Knockdown of circFOXN3 Promotes the Proliferation and Differentiation of Bovine Myoblasts
摘要
Circular RNAs (circRNAs) are emerging as pivotal regulators of skeletal muscle development, a process critical to meat production in livestock. However, the specific functions of most circRNAs in bovine myogenesis remain unexplored. This study investigates the role of a novel circRNA, circFOXN3, in the proliferation and differentiation of bovine myoblasts. We first confirmed the circular nature of circFOXN3 by identifying its specific back-splice junction via divergent primers and Sanger sequencing, and its resistance to RNase R digestion as well as stability under actinomycin D treatment were confirmed. Subcellular fractionation assays revealed that circFOXN3 is predominantly localized in the cytoplasm. Quantitative real-time polymerase chain reaction (qRT-PCR) analysis showed that circFOXN3 was highly and specifically expressed in muscle tissues and exhibits dynamic expression patterns during myoblast proliferation and differentiation.

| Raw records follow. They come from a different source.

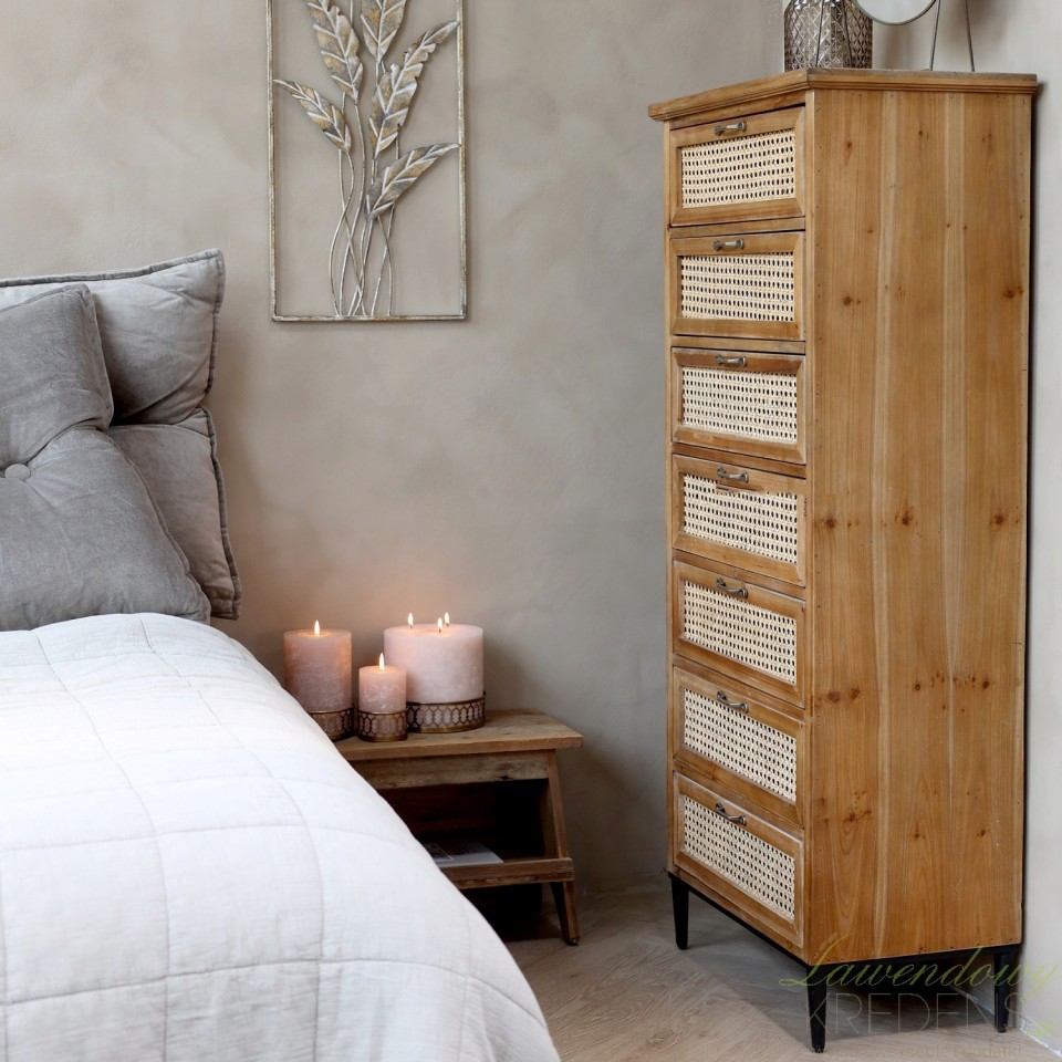 Zdecyduj się na komodę Chic Antique, praktyczny mebel, idealny do urozmaicenia wystroju wnętrza i wzbogacenia układu salonu lub sypialni. Komoda boho Chic Antique z rattanowymi frontami znajdzie swoje miejsce w przestronnym pokoju jak i w pracowni. Wyposażona jest w siedem podłużnych szuflad, dedykowanych do przechowywania odzieży, bielizny lub innych rzeczy osobistych, jak również dokumentów i artykułów piśmienniczych. Ta komoda ma solidną i trwałą konstrukcję z elementami metalowymi i drewnianymi. Tak jak wszystkie meble w stylu boho od duńskiej marki została zaprojektowana z myślą o długotrwałym użytkowaniu.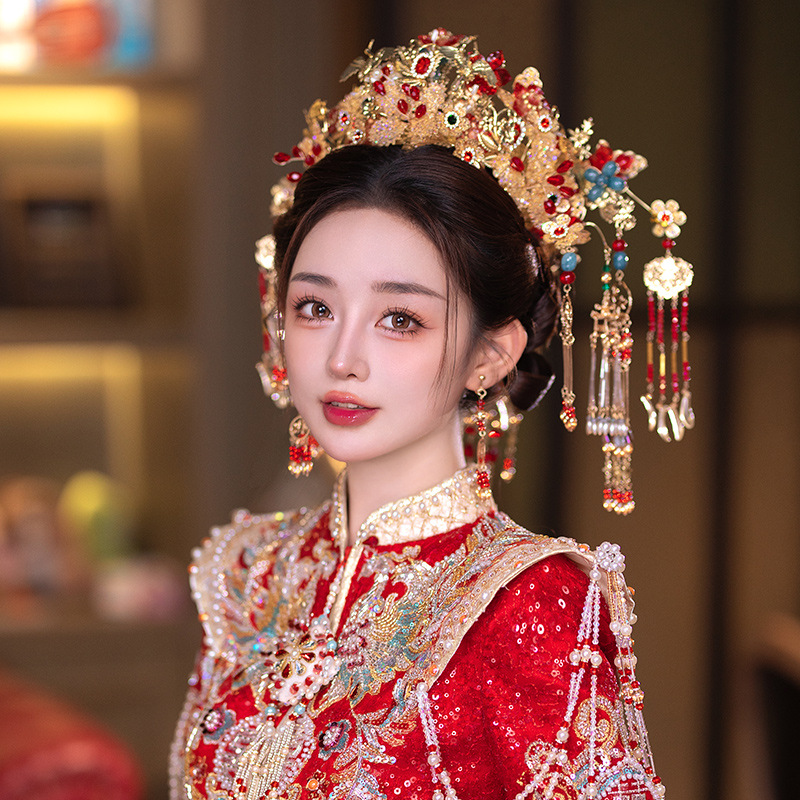Aksesoris rambut Xiuhe merah setelan jas pengantin baru Cina cheongsam naga dan phoenix gaun hiasan kepala mengurangi usia manis meriah elegan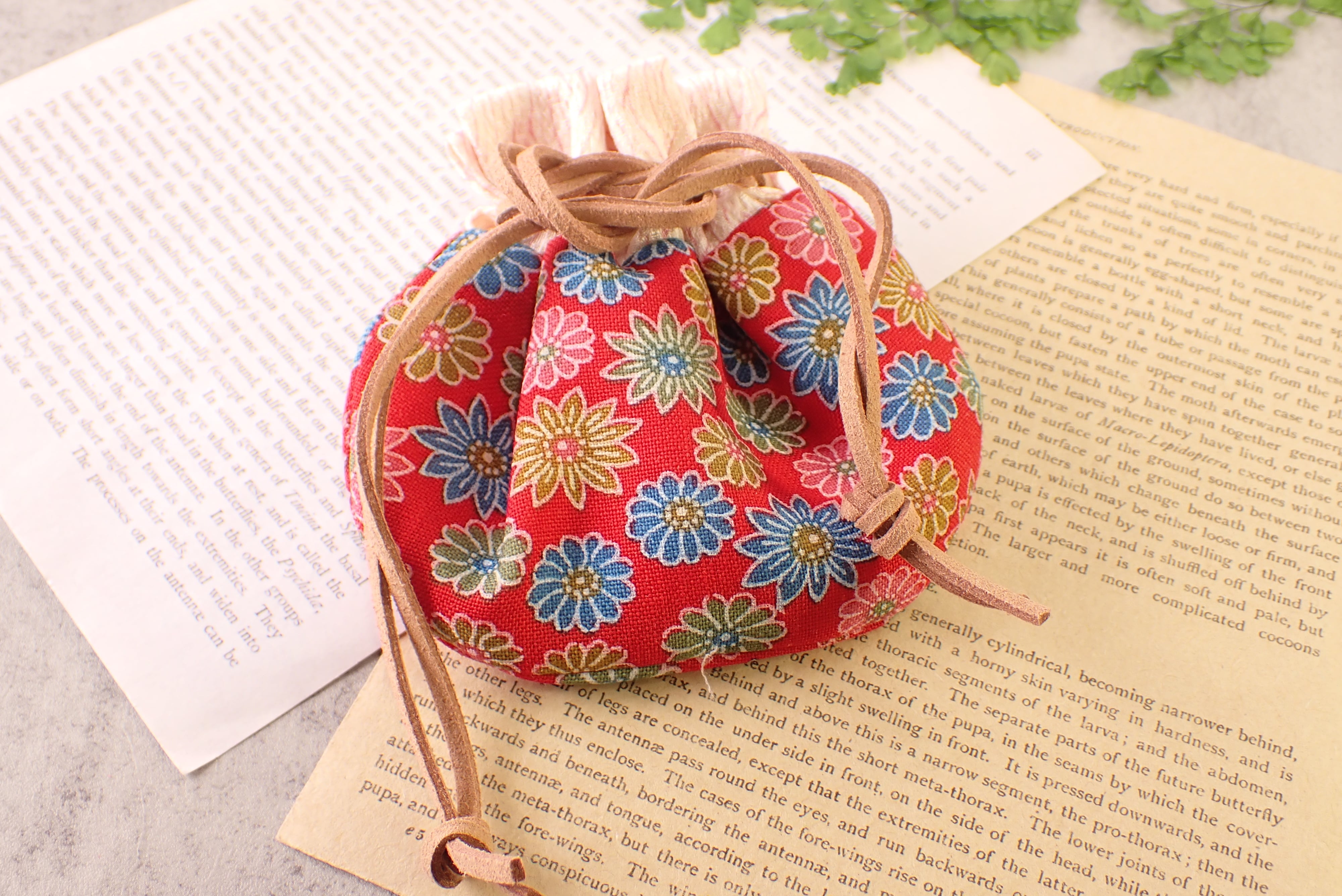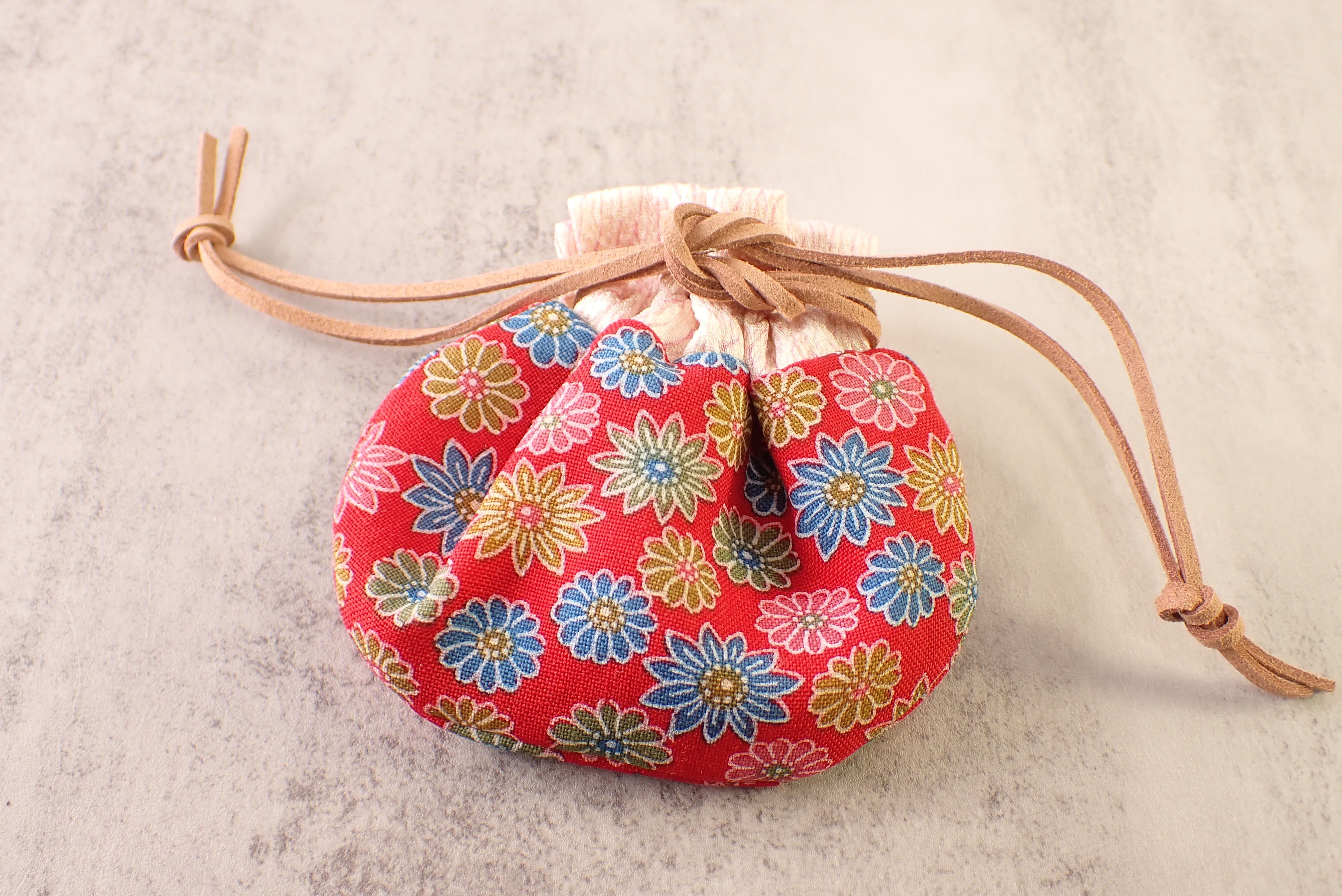 着物を再利用して作られた巾着袋です!

Functional knockdown of circFOXN3 using specific small interfering RNAs (siRNAs) during the proliferation phase significantly enhanced myoblast proliferation, as evidenced by elevated expression of proliferation marker genes (PCNA, CCND2) and increased 5-ethynyl-2’-deoxyuridine (EdU) incorporation. RNA-seq analysis following circFOXN3 knockdown revealed a comprehensive set of differentially expressed genes (DEGs). Kyoto Encyclopedia of Genes and Genomes (KEGG) pathway enrichment analysis reveal the significant enrichment in critical pathways, most notably the cell cycle pathway. Furthermore, protein-protein interaction (PPI) analysis of DEGs identified several core nodes in the cell cycle pathway, including CDC20, CDK1, BUB1, and CCNA2. Conversely, knockdown during the differentiation phase promoted myogenic differentiation, confirmed by the upregulation of differentiation markers (MyoG, MyoD1) and enhanced myotube formation. Our findings provide the first functional evidence that circFOXN3 acts as a potent negative regulator of bovine myogenesis. Its silencing promotes myoblast expansion and terminal differentiation, likely by modulating key cell cycle pathways and gene expression networks via its cytoplasmic localization. These results position circFOXN3 as a promising molecular target for genetic strategies aimed at improving muscle growth and efficiency in cattle production.